Canadian Consulting Engineer

Versatility act

June 1, 1999
By Canadian Consulting Engineer

When asked why he chose engineering as a profession, Tony Lassing, P.Eng. shrugs. "My uncle was an engineer," he says, explaining that his uncles were his male role models because his father died when...

When asked why he chose engineering as a profession, Tony Lassing, P.Eng. shrugs. “My uncle was an engineer,” he says, explaining that his uncles were his male role models because his father died when he was about six years old.

In the course of conversation, he reveals a deeper motive. “I love engineering, as a business. I like to figure things out and do little sketches and [say] ‘Let’s do it like this.’ Engineering is creative in its own way.”

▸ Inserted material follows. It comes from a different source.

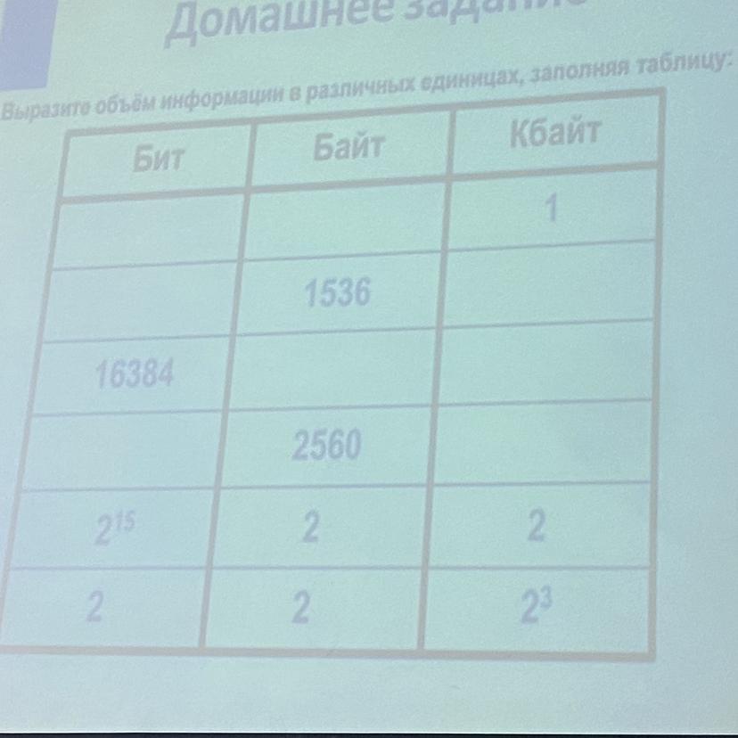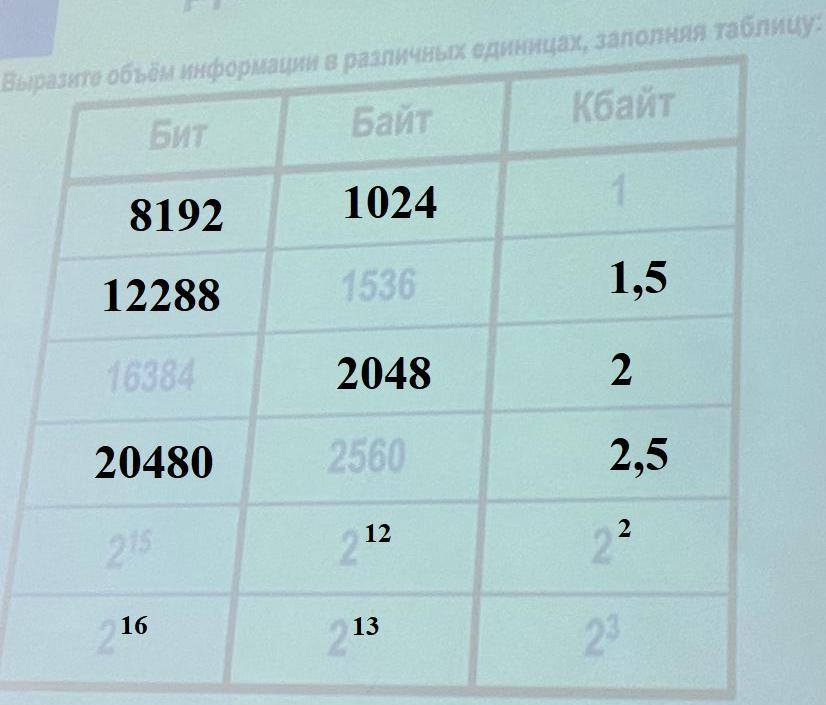 2^3 Кбайт=2^3×2^10=2^(3+10)=2^13 байт

Creativity is evident everywhere in Lassing’s house. The walls are covered with his original oils, water colours and sketches. Sculptures in steel, copper and wood dot the lawns and gardens of his seven-acre property just north of Trenton, Ontario.

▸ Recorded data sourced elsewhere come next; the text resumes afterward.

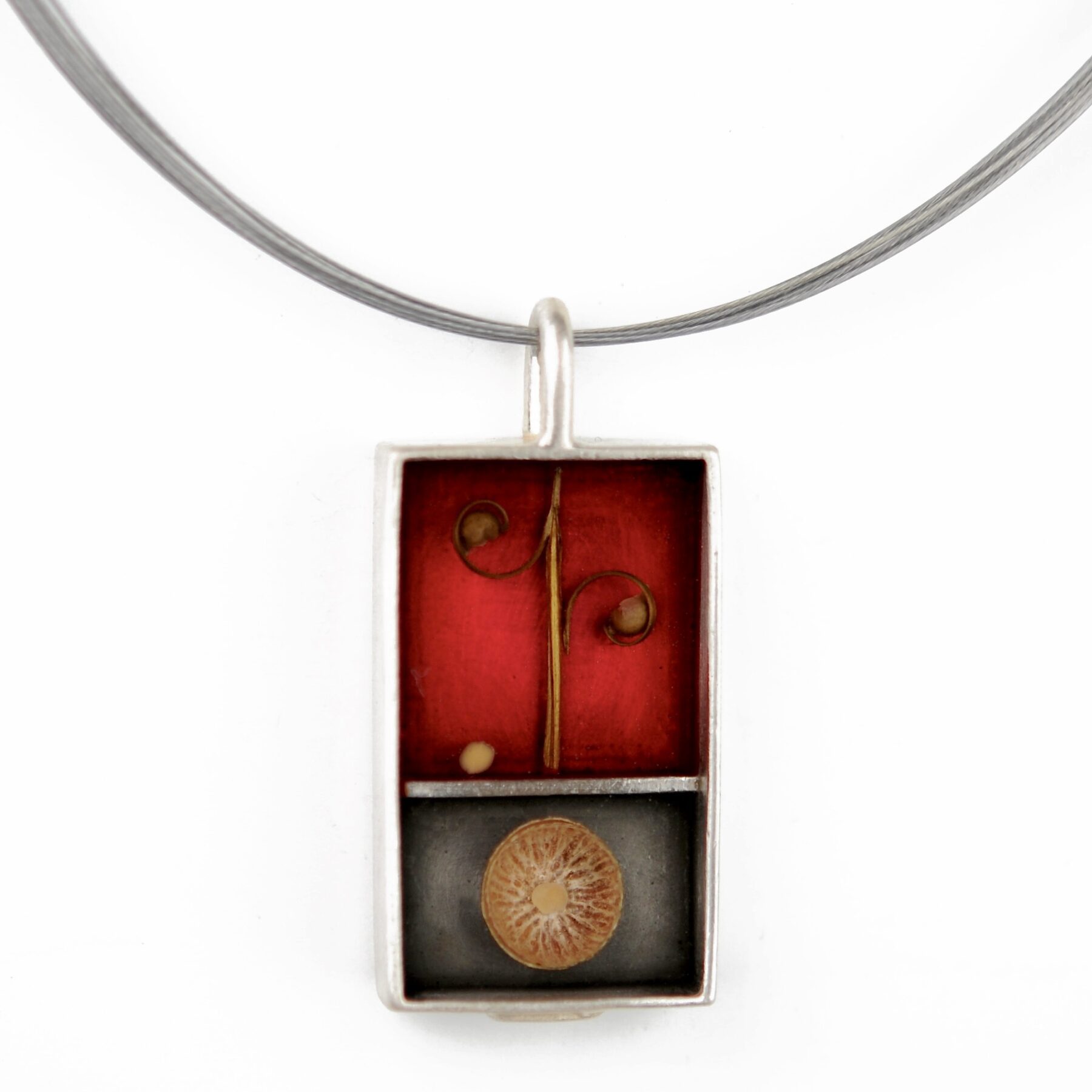Compartment Pendant: geranium and eucalptus on red and smoky black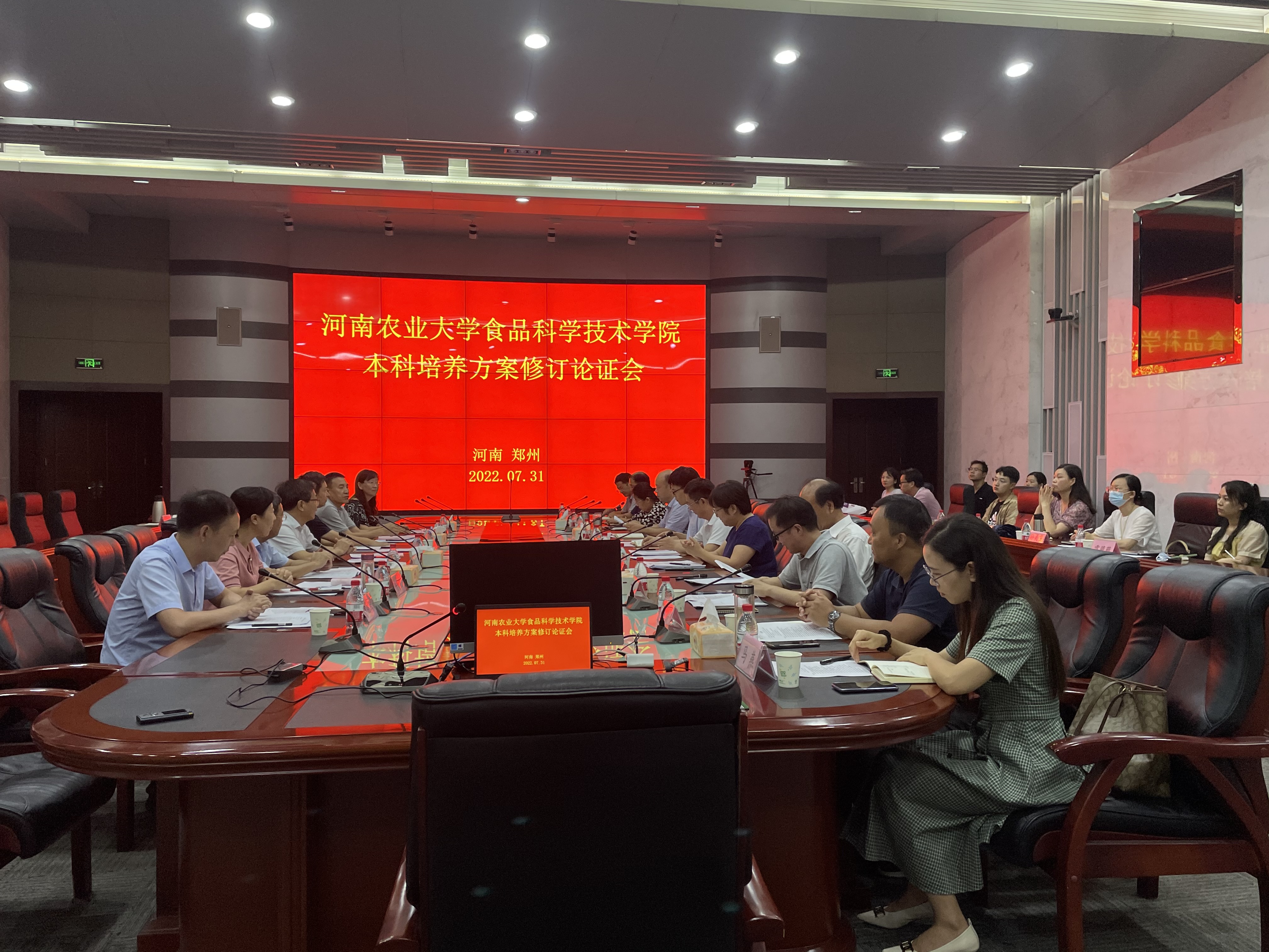 文化路校区中原农村信息港召开本科生培养方案专家论证会议。教育部食品类教指委委员河南工业大学副校长陈复生、河南省科技厅现代农业农村科技处处长李锦辉、河南省食品工业科学研究所所长王瑞国、河南省农科院农产品加工研究所所长路凤银、郑州轻工业大学食品与生物工程学院院长白艳红、大连工业大学食品学院副院长吴海涛、河南牧业经济学院科技处处长潘春梅、白象食品股份有限公司研发中心高级经理周朋辉、探花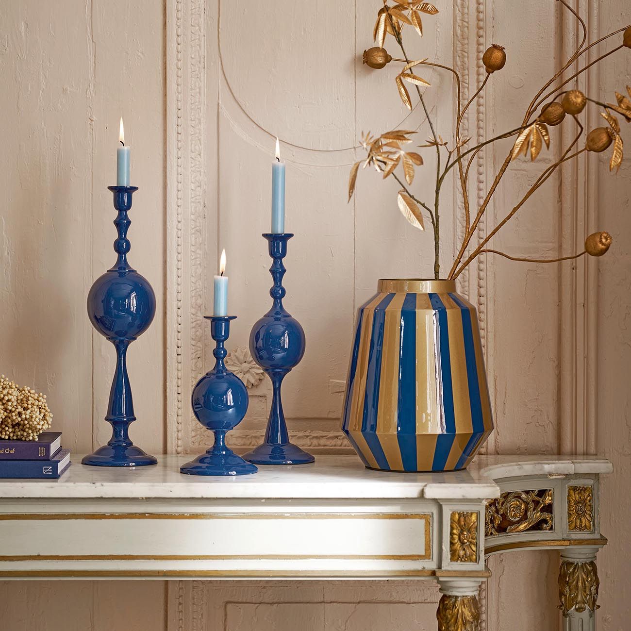 Този свещник внася уютна атмосфера във всяко пространство. Заоблените му форми придават спокоен и изискан вид. С височина от 37 см, той е истинска забележителност, която изглежда страхотно на маса или в очарователен ъгъл. Прекрасен сам по себе си, но още по-очарователен, когато се комбинира с другите размери.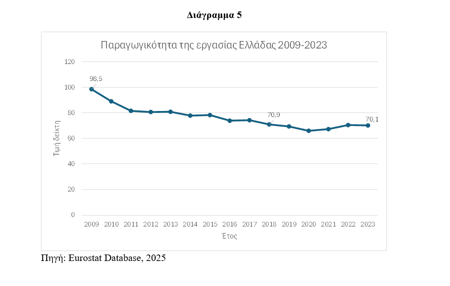Τούτων δοθέντων, η αύξηση της παραγωγικότητας της εργασίας απαιτείται να αποτελεί τον πρωταρχικό στόχο της χώρας μας, ιδιαίτερα εάν παρατηρήσουμε ότι οι χώρες που είναι πρώτες στην παραγωγικότητα της εργασίας είναι χώρες με μικρότερο πληθυσμό από την Ελλάδα όπως η Ιρλανδία, η Νορβηγία, το Βέλγιο, η Αυστρία η Δανία και η Σουηδία. Επίσης εάν σκεφτούμε ότι η παραγωγικότητα της εργασίας στην Ελλάδα το 2009 ήταν στο 98,5% του μέσου όρου της Ευρώπης και το 2018 ήταν 71%, δηλαδή υψηλότερη από στην περίοδο 2019 – 2023 (Διάγραμμα 5).

His drive shed contains more of his work, much of the material being found — oil paintings recently displayed in a gallery in Belleville; a decorative steel screen that used to be in front of the wood stove in the 19th century farmhouse; his “Wal-Mart” collection of oil paintings on photographs.

As part of Studio 21, a co-operative gallery run by 18 Belleville-area artists, Lassing sells enough of his work to pay for the materials he does purchase, and to cover his share of the rent and utilities for the downtown display space. “It’s not a lucrative business, but I’m not losing anything on it.”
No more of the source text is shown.